Principal Investigator

lbkim@ucla.edu

Professor Laura Kim received her B.S. and Ph.D. degrees from the California Institute of Technology in 2013 and 2019, respectively. Prior to joining the faculty at UCLA, she held the Intelligence Community (IC) Postdoctoral Fellowship at the Massachusetts Institute of Technology. She is a core faculty member in the Department of Materials Science and Engineering and a member of the Center for Quantum Science and Engineering at UCLA. 

She was named a 2020 EECS Rising Star and a recipient of the IC Postdoctoral Fellowship, Gary Malouf Foundation Award, and National Science Foundation Graduate Research Fellowship. She serves on the Early Career Editorial Advisory Board of Applied Physics Letters.

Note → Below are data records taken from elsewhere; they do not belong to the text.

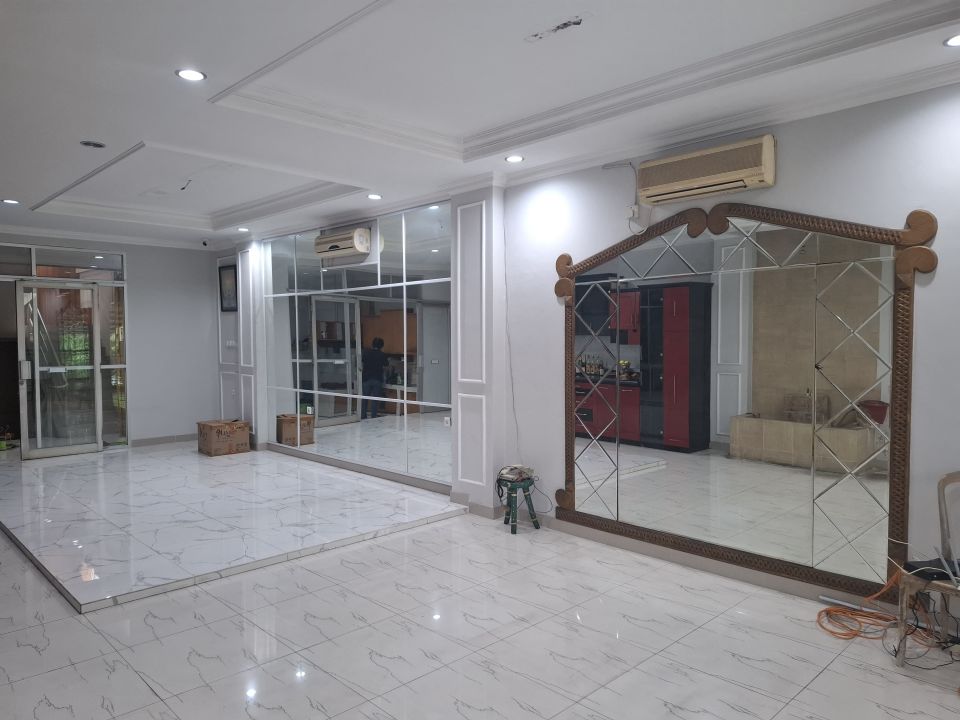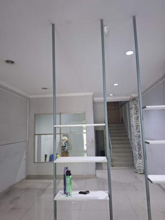 Ruko 3 1/2 lantai, ukuran 5 x 30, dapur kering, dapur basah, SHM, PLN 6600, PAM, hadap Selatan, ada tempat penampungan air / tandon yang besar 8m3, kosong, bagus, terawat, siap pakai, ada 2 penampungan air / tandon di lantai atas, lantai dasar ruko sudah dinaikkan 2 meter dari jalan raya, jadi tidak mungkin banjir, lantai satu bekas kantor, lokasi sebelah tol, SEBERANG EMPORIUM. (yl)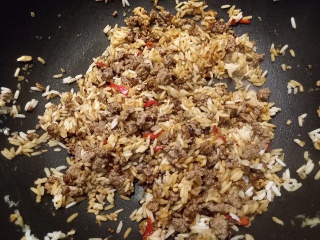 Schuif de inhoud van de wok naar 1 kant en giet de tl olie op de lege plek. Voeg de trassi toe in de olie zodat deze kan oplossen. Meng het geheel door elkaar. Verkruimel het bouillonblokje boven de wok. Voeg de gekookte rijst, sojasaus en de ketjap manis toe. Meng het geheel door elkaar en wok tot de rijst gebakken is en warm.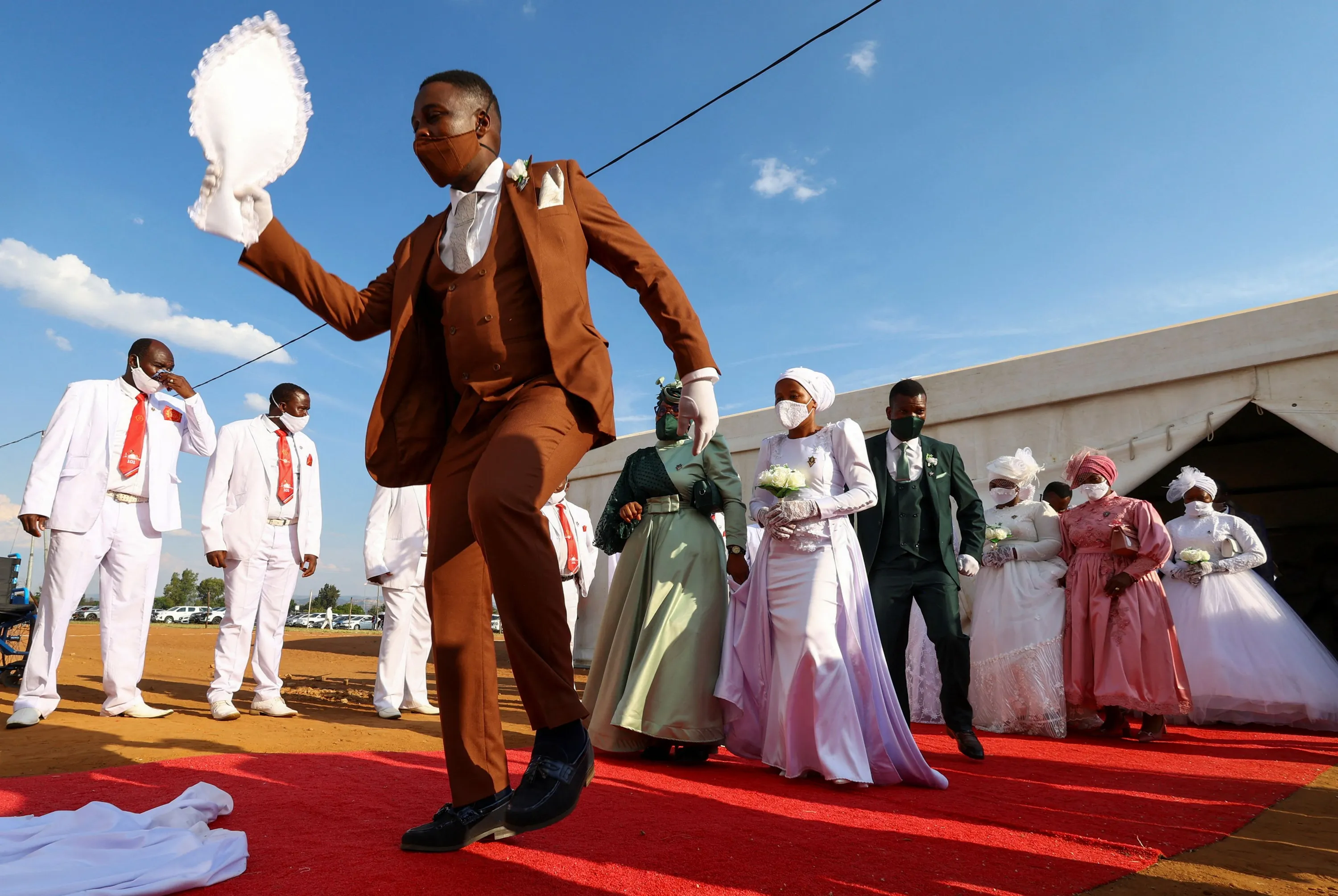 A groom dances as he is followed by some of the more than 800 couples taking part in the Easter Sunday mass wedding ceremony, organised by the International Pentecostal Holiness Church Jerusalem City (IPHC), in Kgabalatsane, in the North-West province, South Africa on April 9, 2023. (Photo by Siphiwe Sibeko/Reuters)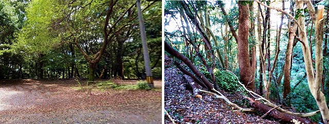 (B地点、左から、白幕を張った道横の広場、その下の斜面の林内)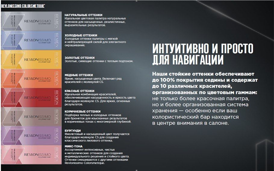 Добро пожаловать в новую расширенную цветовую реальность вместе с обновленной формулой Revlonissimo Colorsmetique! Революционная инновация в профессиональном перманентном окрашивании. С первого нанесения краситель обеспечивает в 2 раза больше ухода, в 2 раза больше блеска, в 2 раза больше яркости цвета - улучшение качества волос окрашивание за окрашиванием.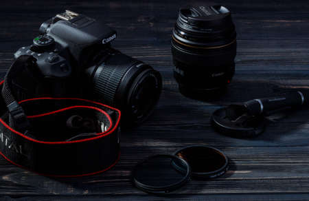 Izmail, Ukraine. April 2022. Canon EOS photo camera with L series zoom lens 24-105 mm on grey background, copy space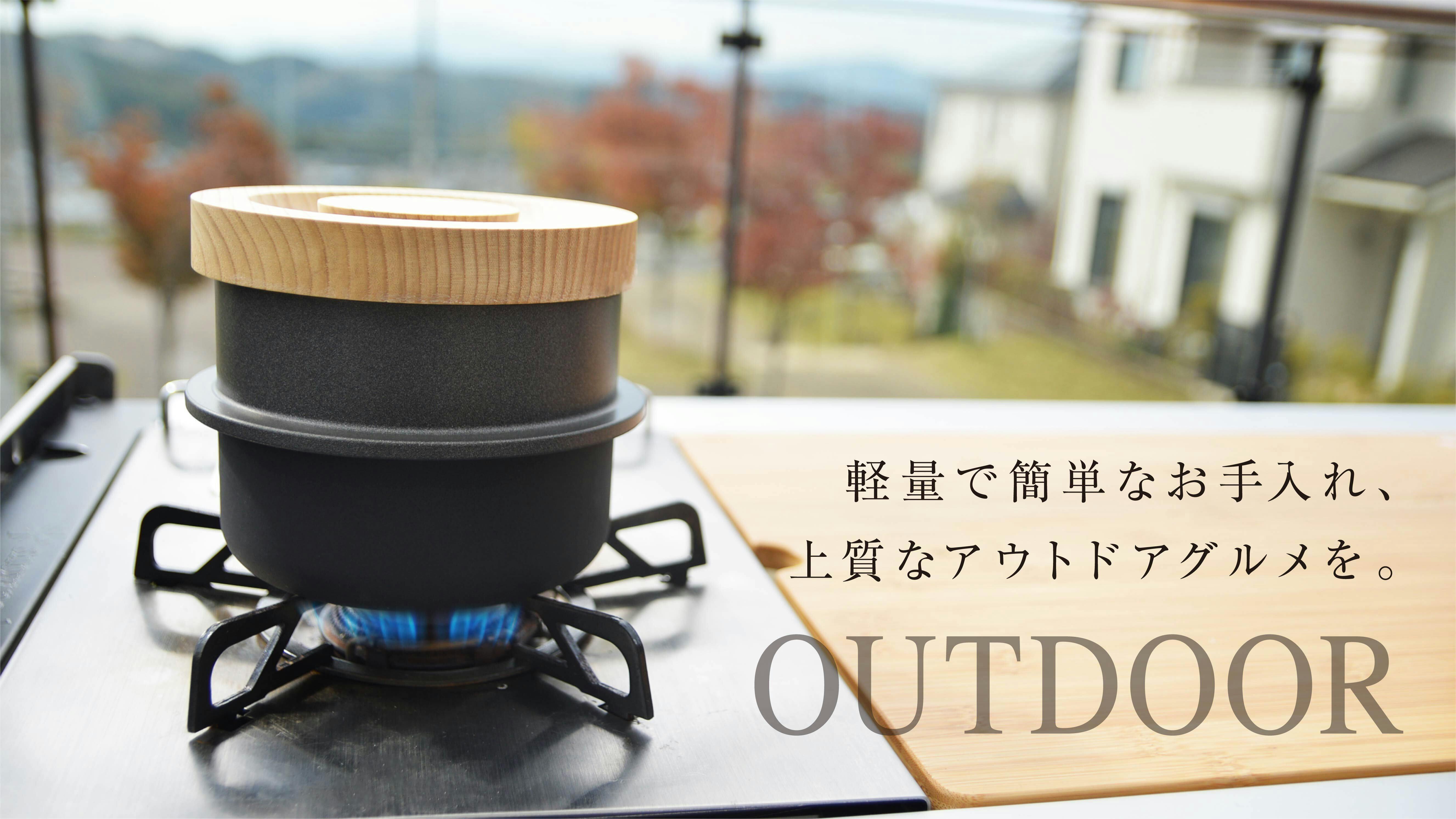 その圧倒的な熱伝導率により、固形燃料の少ない火力と時間でもお米が炊けます。

At UCLA, she leads the Quantum Materials and Devices Laboratory that focuses on probing elusive light-driven phenomena in quantum-engineered materials and unlocking the next-generation photonic, polaritonic, optoelectronic, and quantum devices. Her research interests span from 2D quantum materials, non-equilibrium carrier dynamics, photonic quasiparticle interactions to quantum sensing, diamond spin microscopy, defect centers in diamonds, metasurfaces, nanophotonics, and plasmonics. Her earlier work was centered around understanding photonic-quasiparticle-driven light-matter interactions in low-dimensional materials. She is the first author of the work that showed the first experimental demonstration of a non-Planckian mid-infrared light-emitting mechanism originating from graphene hot plasmons. Her recent research involves developing programmable spin arrays and optimized spin-photon interfaces for a new type of wide-field, high-speed quantum sensing system. Her work has been reported in Nature Materials, Nature Communications, Nano Letters, ACS Photonics, Nanophotonics, PRB, and JES.